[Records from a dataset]
== == ==

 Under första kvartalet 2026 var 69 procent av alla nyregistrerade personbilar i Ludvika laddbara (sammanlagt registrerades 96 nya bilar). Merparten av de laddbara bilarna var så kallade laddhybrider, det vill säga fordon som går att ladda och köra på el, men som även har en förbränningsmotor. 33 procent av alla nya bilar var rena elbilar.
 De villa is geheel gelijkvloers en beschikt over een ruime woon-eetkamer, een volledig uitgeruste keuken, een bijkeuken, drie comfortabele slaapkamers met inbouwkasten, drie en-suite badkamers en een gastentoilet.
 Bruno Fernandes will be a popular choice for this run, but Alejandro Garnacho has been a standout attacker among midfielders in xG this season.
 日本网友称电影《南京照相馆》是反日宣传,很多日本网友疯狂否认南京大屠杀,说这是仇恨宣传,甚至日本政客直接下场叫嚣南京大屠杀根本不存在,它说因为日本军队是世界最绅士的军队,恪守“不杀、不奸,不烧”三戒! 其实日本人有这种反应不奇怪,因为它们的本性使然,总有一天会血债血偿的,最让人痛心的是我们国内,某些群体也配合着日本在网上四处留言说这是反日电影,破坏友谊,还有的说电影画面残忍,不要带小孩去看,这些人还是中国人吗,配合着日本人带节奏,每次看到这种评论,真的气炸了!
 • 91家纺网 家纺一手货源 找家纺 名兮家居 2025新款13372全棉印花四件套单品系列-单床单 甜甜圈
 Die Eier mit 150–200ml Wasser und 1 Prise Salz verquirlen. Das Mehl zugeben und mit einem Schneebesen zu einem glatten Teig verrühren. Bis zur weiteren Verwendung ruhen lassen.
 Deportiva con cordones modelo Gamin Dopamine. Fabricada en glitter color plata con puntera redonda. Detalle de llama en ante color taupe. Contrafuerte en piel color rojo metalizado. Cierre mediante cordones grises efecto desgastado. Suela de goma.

== == ==

### WHAT THE EXERCISE ASKS
Give every entry once more, exactly as it reads.

### ANSWER BOX
 Under första kvartalet 2026 var 69 procent av alla nyregistrerade personbilar i Ludvika laddbara (sammanlagt registrerades 96 nya bilar). Merparten av de laddbara bilarna var så kallade laddhybrider, det vill säga fordon som går att ladda och köra på el, men som även har en förbränningsmotor. 33 procent av alla nya bilar var rena elbilar.
 De villa is geheel gelijkvloers en beschikt over een ruime woon-eetkamer, een volledig uitgeruste keuken, een bijkeuken, drie comfortabele slaapkamers met inbouwkasten, drie en-suite badkamers en een gastentoilet.
 Bruno Fernandes will be a popular choice for this run, but Alejandro Garnacho has been a standout attacker among midfielders in xG this season.
 日本网友称电影《南京照相馆》是反日宣传,很多日本网友疯狂否认南京大屠杀,说这是仇恨宣传,甚至日本政客直接下场叫嚣南京大屠杀根本不存在,它说因为日本军队是世界最绅士的军队,恪守“不杀、不奸,不烧”三戒! 其实日本人有这种反应不奇怪,因为它们的本性使然,总有一天会血债血偿的,最让人痛心的是我们国内,某些群体也配合着日本在网上四处留言说这是反日电影,破坏友谊,还有的说电影画面残忍,不要带小孩去看,这些人还是中国人吗,配合着日本人带节奏,每次看到这种评论,真的气炸了!
 • 91家纺网 家纺一手货源 找家纺 名兮家居 2025新款13372全棉印花四件套单品系列-单床单 甜甜圈
 Die Eier mit 150–200ml Wasser und 1 Prise Salz verquirlen. Das Mehl zugeben und mit einem Schneebesen zu einem glatten Teig verrühren. Bis zur weiteren Verwendung ruhen lassen.
 Deportiva con cordones modelo Gamin Dopamine. Fabricada en glitter color plata con puntera redonda. Detalle de llama en ante color taupe. Contrafuerte en piel color rojo metalizado. Cierre mediante cordones grises efecto desgastado. Suela de goma.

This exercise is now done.